Almost 2,400 people who received unemployment insurance in 2009 lived in households with annual incomes of $1 million or more, according to the Congressional Research Service.The Bloomberg article and CRS report note that approximately $20 million could be saved in federal contributions to UI over the next decade if benefits to millionaires were blocked from receiving UI benefits.
The report was released after about 1.1 million people exhausted their jobless benefits during the second quarter of 2012, when more than 4.6 million filed initial unemployment claims. Eliminating those payments to high earners is one idea being considered as U.S. lawmakers struggle to curb a projected $1.1 trillion deficit for the fiscal year that ended Sept. 30, with the nationwide jobless rate at 8.1 percent.
“Sending millionaires unemployment checks is a case study in out-of-control spending,” U.S. Senator Tom Coburn, an Oklahoma Republican, said in an e-mail. “Providing welfare to the wealthy undermines the program for those who need it most while burdening future generations with senseless debt.”
$20 million in savings sounds great, but that wouldn't be the bottom impact on the federal budget. In order to recoup that money, the federal or state governments would have to check income sources of UI recipients. That checking would cost money--quite possibly more money than goes out in UI benefits.

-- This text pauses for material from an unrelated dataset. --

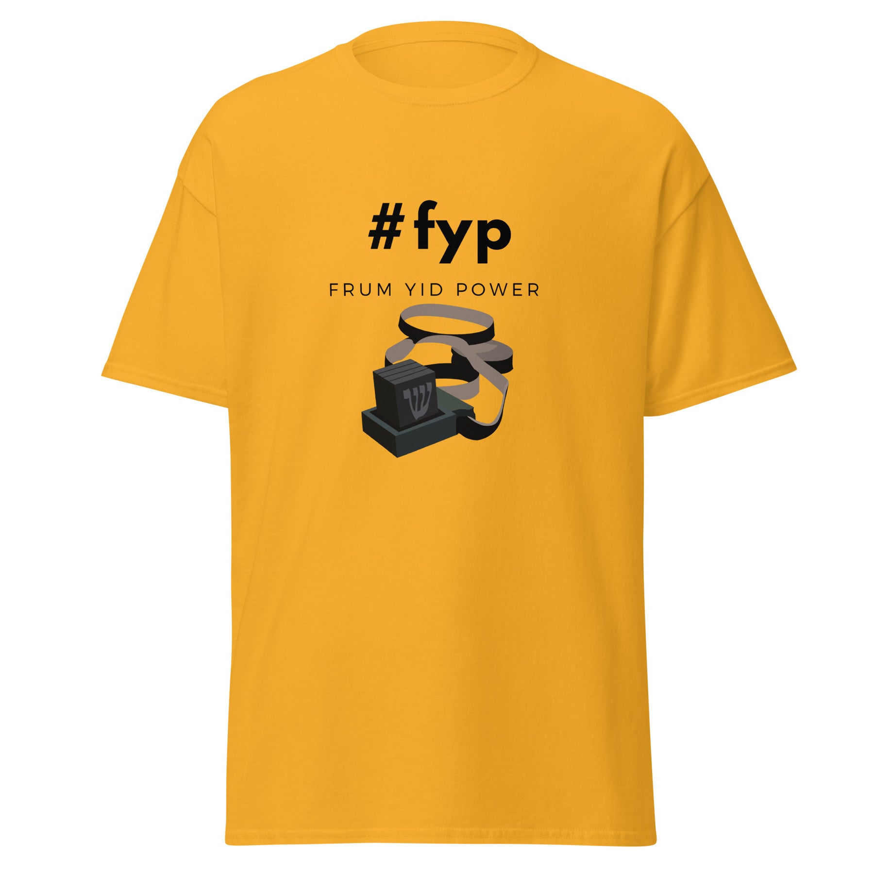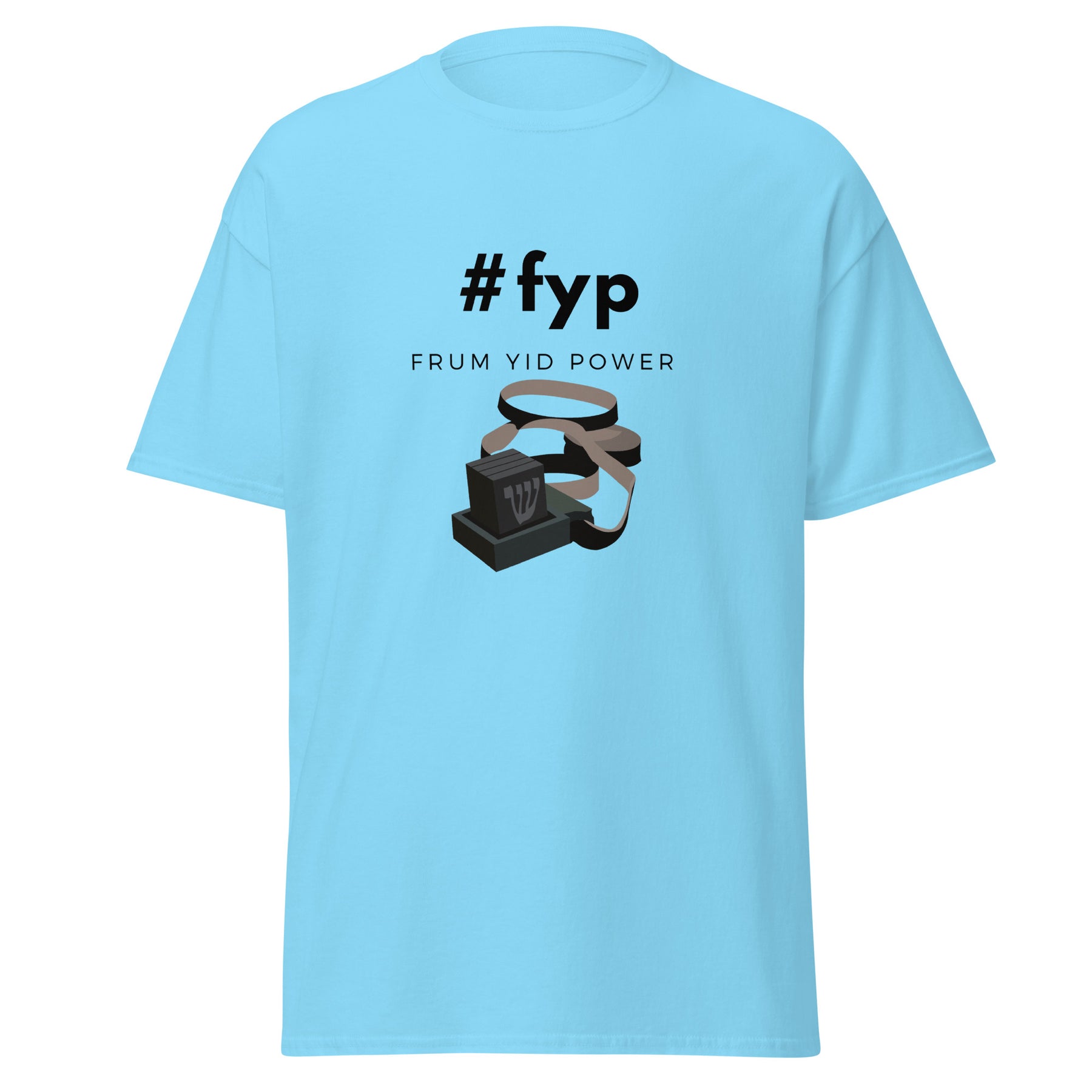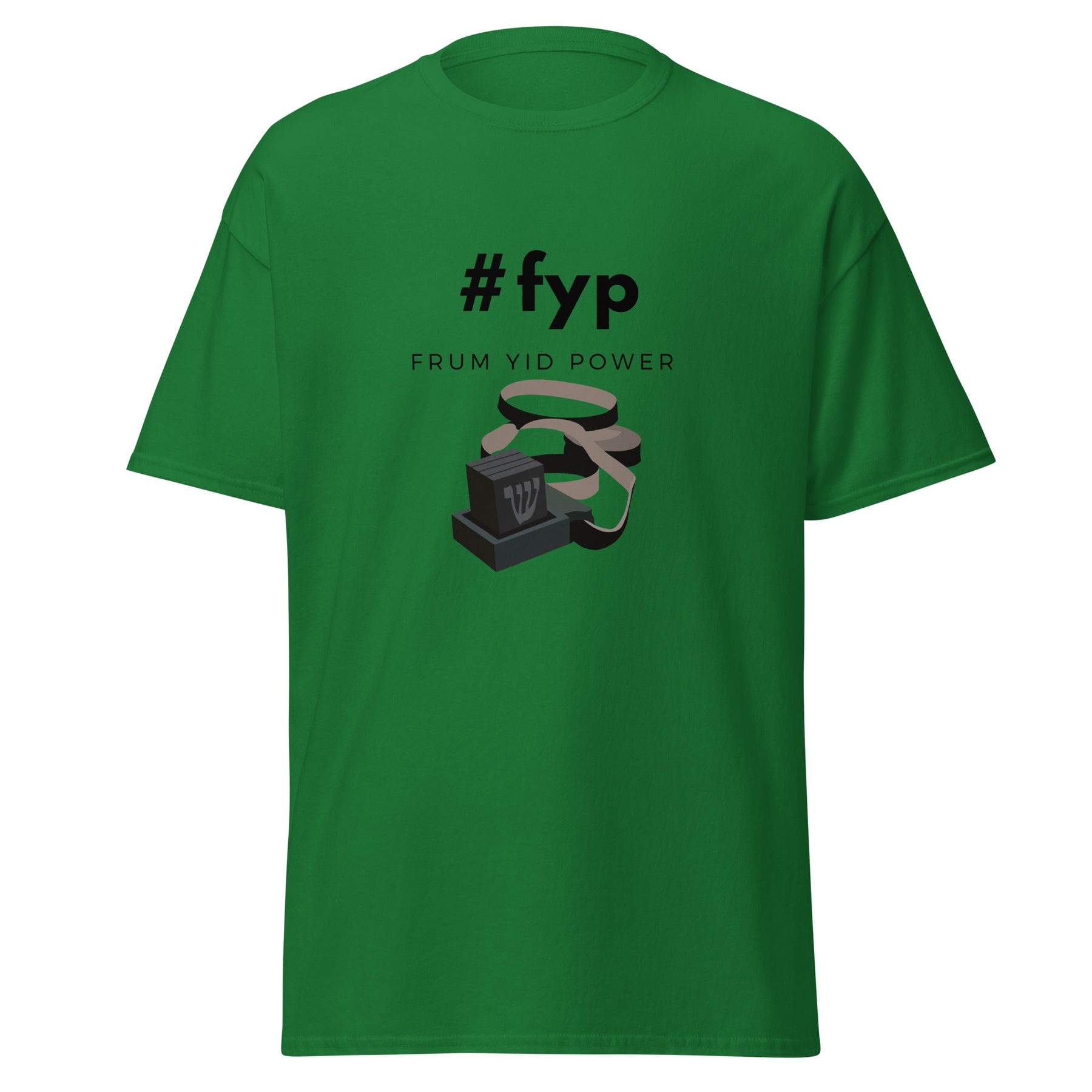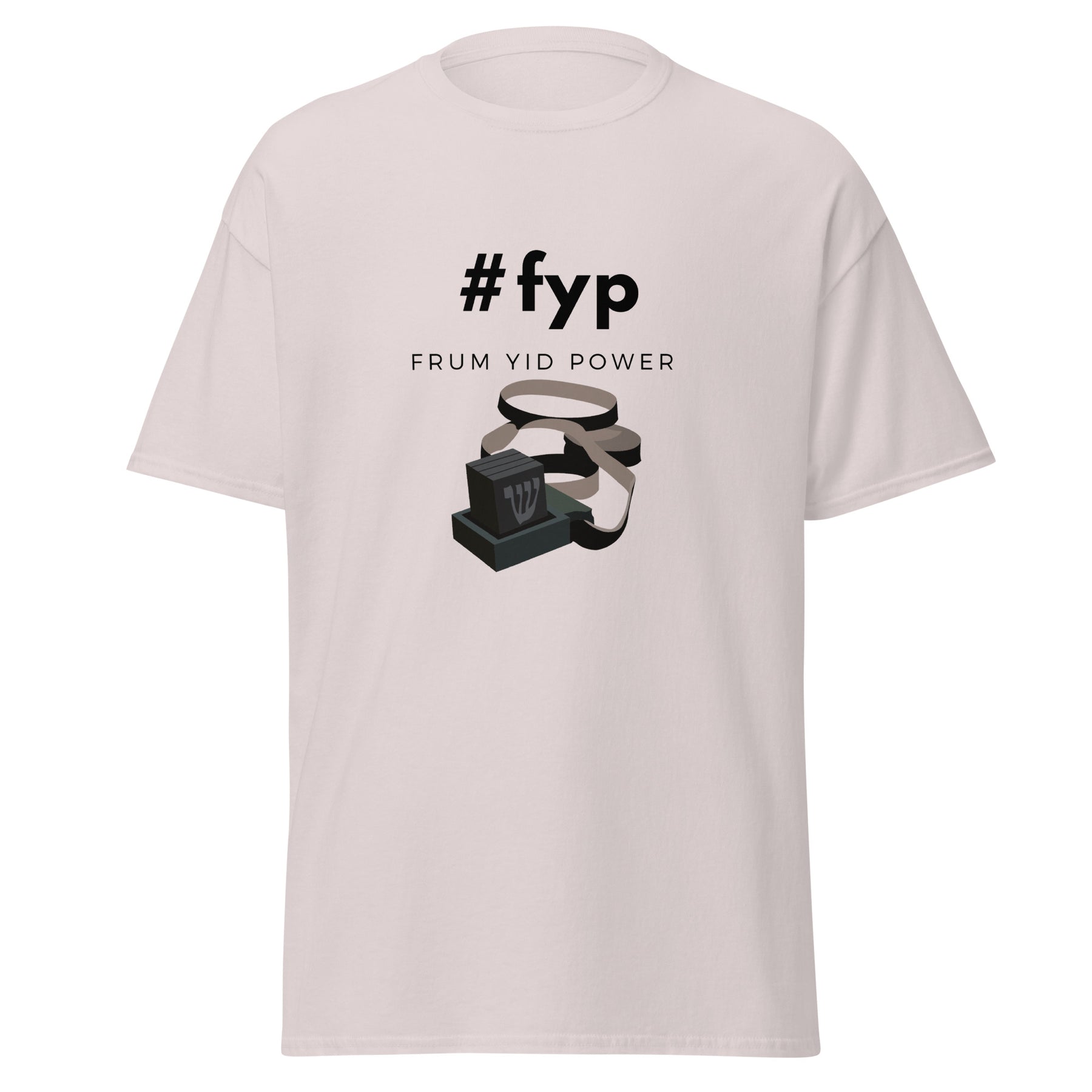 The tefillin graphic paired with #fyp – Frum Yid Power reclaims the language of modern culture and grounds it in Torah, tradition, and lived Jewish commitment. It’s about strength through mitzvot, discipline, and faith. A shirt for those who know who they are and don’t need approval.

The CRS believes that the least costly approach would be to collect the payments through the income tax system. A 100 percent tax could be placed on UI benefits for households with incomes above one million dollars. Although cost-effective, this approach is far from costless. Tax forms would become more complicated making them harder to complete and harder to check.
Any other system to prevent millionaires from getting benefits is likely to be far more costly and less effective. The state agencies that administer the UI system only have access to some income information. Besides having to conduct additional checks against the available information, the agencies would have to make guesses about whether a household's total income worked out to one million dollars. The checks would be especially difficult for married couple households and for households that receive unearned income. Any such system would also likely impose additional reporting burdens on the broader set of unemployed households.
In the end, a policy of trying to keep benefits from going to a handful of millionaire households is likely to cost the treasury more than it saves. If the goal really is to reduce the burden on future generations, we should keep sending out those checks.